Here's an example failing build:
https://ci.chromium.org/p/chromium/builders/luci.chromium.try/win10_chromium_x64_rel_ng/48944

[ RUN      ] SubprocessMetricsProviderTest.SnapshotMetrics
../../chrome/browser/metrics/subprocess_metrics_provider_unittest.cc(132): error: Expected equality of these values:
  2U
    Which is: 2
  GetSnapshotHistogramCount()
    Which is: 3
Stack trace:
Backtrace:
	testing::internal::UnitTestImpl::CurrentOsStackTraceExceptTop [0x00007FF7B4A7E8B7+87]
	testing::internal::AssertHelper::operator= [0x00007FF7B4A7E43E+78]
	SubprocessMetricsProviderTest_SnapshotMetrics_Test::TestBody [0x00007FF7B3ADCA85+421]
../../chrome/browser/metrics/subprocess_metrics_provider_unittest.cc(135): error: Expected equality of these values:
  0U
    Which is: 0
  GetSnapshotHistogramCount()
    Which is: 1

Stack trace:
Backtrace:
	testing::internal::UnitTestImpl::CurrentOsStackTraceExceptTop [0x00007FF7B4A7E8B7+87]
	testing::internal::AssertHelper::operator= [0x00007FF7B4A7E43E+78]
	SubprocessMetricsProviderTest_SnapshotMetrics_Test::TestBody [0x00007FF7B3ADCB3C+604]
[  FAILED  ] SubprocessMetricsProviderTest.SnapshotMetrics (280 ms)


 
Cc: asvitk...@chromium.org
Labels: -Pri-3 OS-Linux OS-Windows Pri-1
Owner: bcwh...@chromium.org
Looks like it's been flaky for a while but it suddenly got much worse today. I'm going to try to disable the test because it's failing too many tryjobs.
Project Member

Comment 2 by bugdroid1@chromium.org, Jul 13

The following revision refers to this bug:
  https://chromium.googlesource.com/chromium/src.git/+/5af8add5481c4feb36cd42d61161ce3dd3fd99b6

commit 5af8add5481c4feb36cd42d61161ce3dd3fd99b6
Author: James Darpinian <jdarpinian@chromium.org>
Date: Fri Jul 13 16:36:47 2018

Disable flaky test SnapshotMetrics

SubprocessMetricsProviderTest.SnapshotMetrics has been flaky for a while
but it is suddenly much worse now and I don't see an obvious culprit.
Disabling until someone can investigate.

Tbr: asvitkine@chromium.org
Bug:  863262 
Change-Id: I33d62b866c00f7fd9386cb274773547a3815bb20
Reviewed-on: https://chromium-review.googlesource.com/1136051
Commit-Queue: Kim Paulhamus <kpaulhamus@chromium.org>
Reviewed-by: Kim Paulhamus <kpaulhamus@chromium.org>
Cr-Commit-Position: refs/heads/master@{#574944}
[modify] https://crrev.com/5af8add5481c4feb36cd42d61161ce3dd3fd99b6/chrome/browser/metrics/subprocess_metrics_provider_unittest.cc

Components: Tests>Flaky
Do we know why it started flaking more? What CL range does it correlate with?
This appears to have failed 3/3 times on my CL https://chromium-review.googlesource.com/c/chromium/src/+/1135898 - suggests something has regressed relating to those metrics.

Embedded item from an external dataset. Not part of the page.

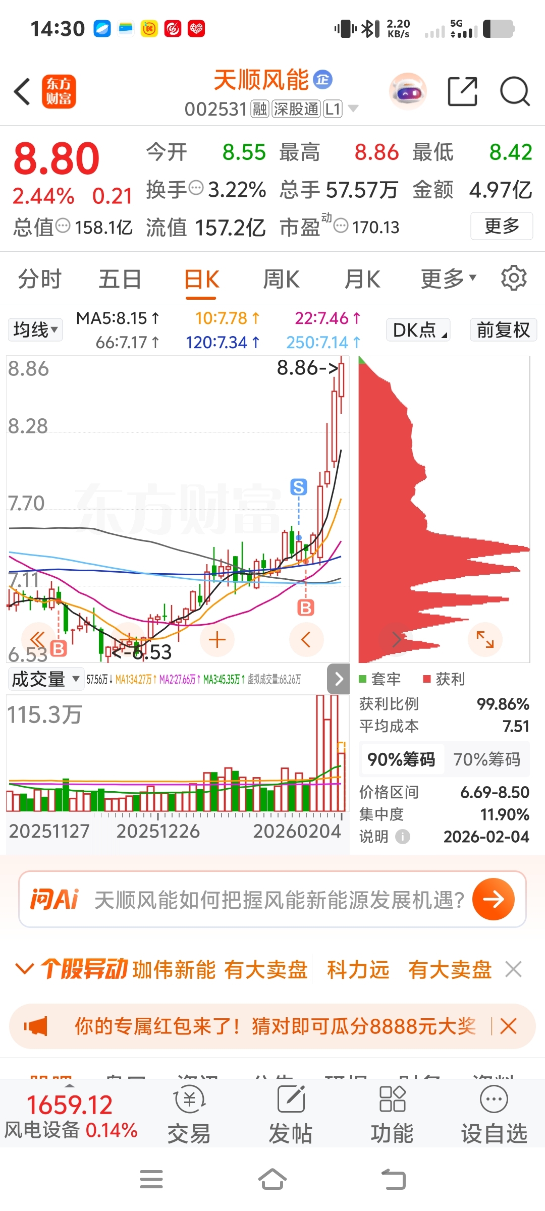 $天顺风能(SZ002531)$ 这波让我给抓住了

The revisions listed for when the flake was first reported seem to not exist, which is bizarre.
Cc: jbudorick@chromium.org
+jbudorick: The flakiness dashboard seems very confused; if you click on any of the failure cases under Linux CFI, for example, then you can't open the failure log (404) and if you open the build log then it didn't fail. If you actually open the unit_tests shard and search for SnapshotMetrics, for example, then you'll find that it is logged as being run 20 times. O_o
 Issue 863553  has been merged into this issue.
Cc: -asvitk...@chromium.org bcwh...@chromium.org
Owner: asvitk...@chromium.org
Status: Assigned (was: Untriaged)
Brian is away, so I will look at it this week.
The test appears to pass locally for me on Mac. Let me try on the bots.
Cc: w...@chromium.org
So the re-enable CL passed the cq:

https://chromium-review.googlesource.com/c/chromium/src/+/1142438

I can try another run to make sure. Otherwise, does anyone know if there a tool to try to run it N times to try to weed out flakyness?
Thinking about this more - the failure was that in this code path:

  // Recording should find the two histograms created in persistent memory.
  EXPECT_EQ(2U, GetSnapshotHistogramCount());

  // A second run should have nothing to produce.
  EXPECT_EQ(0U, GetSnapshotHistogramCount());

The first check reported 3 and the second check 1. Given the latter result, it means a histogram was logged in the meantime between those two calls.

So either that happened on another thread - e.g. maybe by something spawned by a previous thread that's still running - or by GetSnapshotHistogramCount() itself.
From the swarming log, on that failed instance, 1206 other tests ran before this one. So if we're thinking about the "some other thread is still running and logging histograms" world, then we have 1206 potential tests that could be doing this.

https://chromium-swarm.appspot.com/task?id=3ea9c6328da6f410&refresh=10&show_raw=1

That's a big number. I wonder if we could somehow narrow this down? Don't we have infrastructure somewhere that tries to run some tests pairwise and see if they break?
Labels: M-69
Re #10: Could you temporarily add an atomic flag that causes an attempt to log a histogram to actually crash if it's set, and set it in-between those two expectations, so that if we can repro it then we'll get a stack showing us where the culprit is?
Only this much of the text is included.